Below are some selected passages from Ruth Martin's book, Witchcraft and the Inquisition in Venice, 1550-1650, (Blackwell, 1989). These quotes from Ruth Martin's book all appeared in an earlier post in this blog: "A Different World"? (Ronald Hutton's Recantations, Part Deux) :
 
"[t]here is clear evidence of a great deal of interpenetration of 'popular' and 'learned' beliefs throughout this period ... but the actual mingling of these two strands, if they ever were entirely separate, seems to have taken place earlier [that is, prior to 1550] ...."
[p. 225]
"Until more work is done on Venetian social history as a whole it will be hard to draw ... conclusions .... Even so, it seems that witchcraft of one type or another held an interest for people from all levels of society .... Womens' social standing ranged from the gentildonne who would often consult witches or even try the experiments themselves, through wives of retailers and craftsmen, to washerwomen, arsenal workers (making sails or ropes), the wives of boatmen, prostitutes, to some with no visible means of income at all. Witchcraft had in fact become the main craft of many, hence their titles: la Pirotta, la Caballada, l'Astrologo and la medegha."
[p. 234]
"There was also a close degree of contact between the different classes of Venetian society. The rich and poor lived side by side and the flow of ideas and beliefs between them must have been considerable. As we have seen, the distinction between the 'learned' and the 'popular' elements of witchcraft beliefs in Venice was not always easy to define. This distinction has perhaps been overemphasized in the past in any case. Christina Larner's recent work on Scottish witchcraft, for instance, has revealed a considerable degree of interpenetration between the so-called learned and popular beliefs. In Venice this sharing of beliefs by popular and learned elements of society was even closer."
[p. 243]
"It is clear that Venetian witchcraft was by no means unique. Each category of witchcraft in Venice ... paralleled what is known to have existed elsewhere in Europe during the period and, no doubt, outside this period as well ....

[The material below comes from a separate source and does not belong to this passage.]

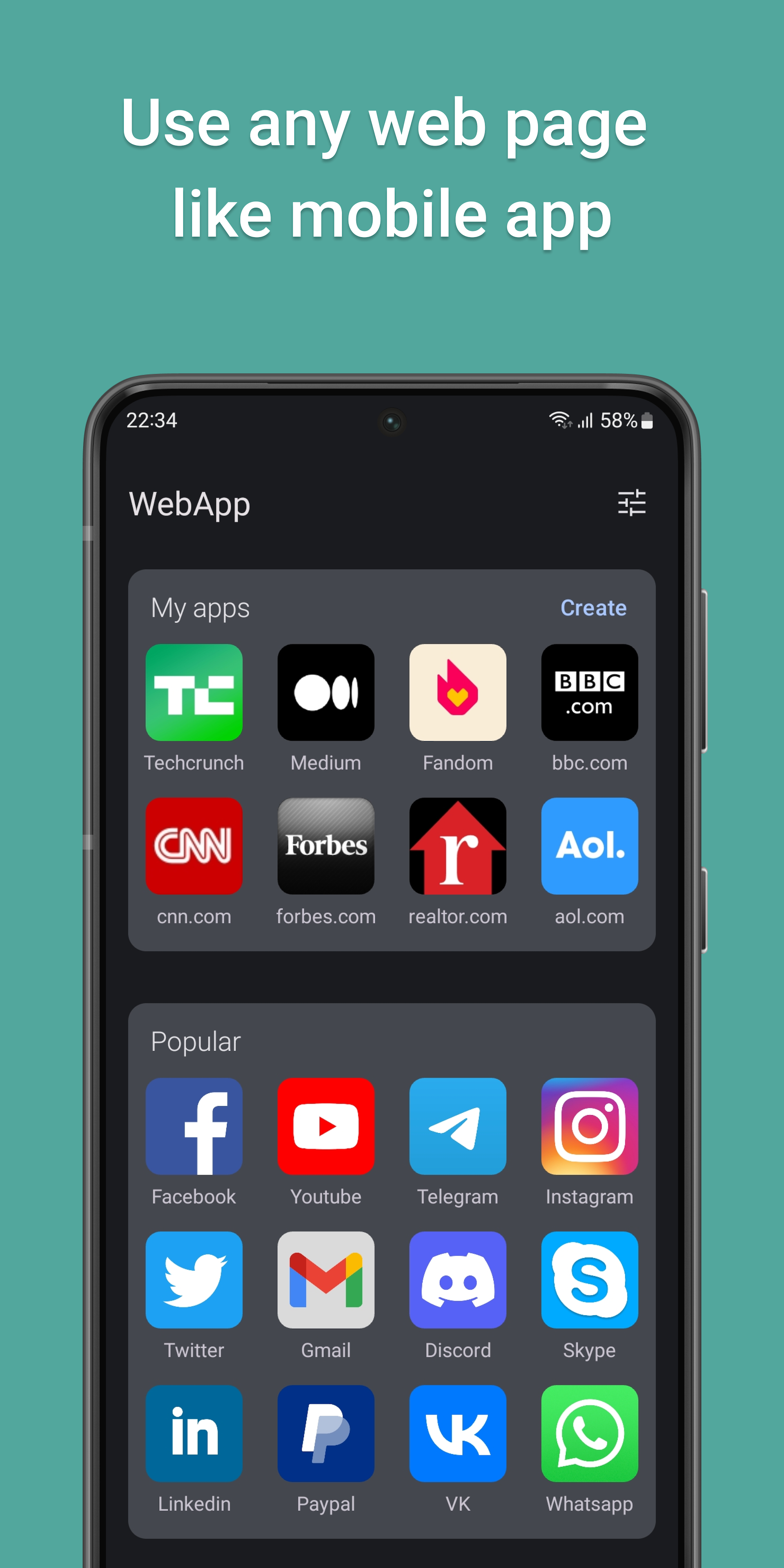 Stellen Sie sich WebApp vor - den ultimativen Website-zu-App-Ersteller und Webbrowser für Android! Mit unserer revolutionären Webbrowser-App können Sie jede Website mit nur wenigen Fingertipps in eine voll funktionsfähige Web-App umwandeln. Verabschieden Sie sich von umständlichen mobilen Browsern und begrüßen Sie blitzschnelle Web-Apps, die für die Bildschirmgröße Ihres Geräts optimiert sind. Unsere Webbrowser-App basiert auf der neuesten Progressive Web App (PWA) -Technologie, mit der Sie app-ähnliche Erlebnisse aus jeder Website erstellen können. Egal, ob Sie soziale Medien durchsuchen, online einkaufen oder einfach nur Nachrichten lesen, der Webbrowser von WebApp bietet Ihnen ein schnelleres, reibungsloseres und benutzerfreundlicheres Erlebnis. So funktioniert es: ✅ Öffnen Sie WebApp und tippen Sie auf "App erstellen" ✅ Geben Sie die URL der Website ein, die Sie in eine Web-App umwandeln möchten ✅ Wir erstellen automatisch eine Web-App für Sie, inklusive eines Symbols, das Sie zu Ihrem Startbildschirm hinzufügen können ✅ Tippen Sie auf das Symbol, um Ihre neue Web-App zu starten und mit dem Surfen zu beginnen! ✅ Mit unserem Website-zu-App-Ersteller und Webbrowser können Sie so viele Web-Apps erstellen, wie Sie möchten - es ist komplett kostenlos und unbegrenzt! Sie können sogar Apps klonen, indem Sie mehrere Kopien derselben Website erstellen, und unsere App benennt sie automatisch um (z. B. "Facebook" und "Facebook 2"). Hier sind einige der Funktionen, die WebApp zum besten Website-zu-App-Ersteller und Webbrowser im Play Store machen: 🌐 Blitzschnelle Web-Apps, die für die Bildschirmgröße Ihres Geräts optimiert sind 🌐 Unbegrenzte Website-zu-App-Erstellung - erstellen Sie so viele Web-Apps, wie Sie möchten, kostenlos! 🌐 App-Klone - erstellen Sie mühelos mehrere Kopien derselben Website 🌐 Progressive Web App-Technologie - verwandeln Sie jede Website in ein app-ähnliches Erlebnis 🌐 Sofortige App-Erstellung - keine Wartezeiten, kein Aufwand 🌐 Schneller Browser - genießen Sie schnelles und nahtloses Surfen auf Ihren Lieblingswebsites 🌐 Mobiler Browser - erleben Sie Websites im mobiloptimierten Format 🌐 Sicher Surfen - surfen Sie mit verbesserter Sicherheit und Schutz im Internet 🌐 Privater Browser - halten Sie Ihre Online-Aktivitäten privat und sicher 🌐 Werbeblocker - sagen Sie aufdringlichen Werbeanzeigen beim Surfen Lebewohl 🌐 Benutzerfreundliche Oberfläche - einfach zu bedienen und zu navigieren für ein reibungsloses Surferlebnis 🌐 Tab-Verwaltung - öffnen, wechseln und organisieren Sie mehrere Tabs mühelos 🌐 Inkognito-Modus - durchsuchen Sie privat, ohne Spuren zu hinterlassen 🌐 Anpassbare Einstellungen - passen Sie Ihre Browsing-Präferenzen an Ihre Bedürfnisse an 🌐 Offline-Lesen - greifen Sie auch ohne Internetverbindung auf Ihre gespeicherten Web-Apps und Inhalte zu 🌐 Leichte Webbrowser-App - unsere App ist klein und nimmt nicht viel Speicherplatz auf Ihrem Gerät ein 🌐 Dient als Lesezeichen-Manager - all Ihre Web-Apps sind an einem praktischen Ort gespeichert Laden Sie WebApp noch heute herunter und erleben Sie den ultimativen Website-zu-App-Ersteller und Webbrowser im Play Store! Verwandeln Sie jede Website mit nur wenigen Fingertipps in eine voll funktionsfähige Web-App. Probieren Sie unsere Webbrowser-App jetzt aus und surfen Sie wie nie zuvor!

"Necromancy, or the practice of the learned tradition of magic, was current throughout a great part of Europe, and certainly throughout Italy during this period. Some records still survive for the Holy Office of the Roman Inquisition which contain copies of certain processi, usually just the sentence and/or abjuration, which were forwarded to Rome from all over Italy. Necromantic exploits feature prominently in these records. The sentence of the 1580 Vicentine trial against Antonio de Franci, for instance, refers to the work of Pietro d'Abbano and to the Clavicula Salomonis being used used in the celebration of a mass as part of a love magic ceremony. There is little doubt that these and other books of magic like them circulated widely in Europe during this period as did the corrupted versions of traditions evident in many of the conjurations and divinatory experiments seen in Venice.

"At a different level of society other forms of witchcraft also were all part of what was presumably a Europen-wide system of popular beliefs. Mary O'Neil describes the same experiments, with some local modifications, being practiced in Modena. The Udine records, and those in Trinity College, Dublin, covering the whole of Italy contain references to similar practices. Indeed, whenever the available records provide us with a glimpse into traditional beliefs and activities, for instance those of the so-called 'cunning folk' in England, we see time and time again what were basically the same types of witchcraft as those observed in Venice.

"England is indeed the one country outside Italy to display the most obvious similarities with Venice as far as witchcraft practices are concerned .... [T]he nature of the records in each area enables us to see beyond the large trails, the epidemics of witch-hunting, to the day-to-day beliefs and attitudes of the population as a whole .... The Venetian records provide us ... with a detailed picture of a way of life ... [W]hat Venice shows us was, broadly speaking, the picture throughout most of Europe."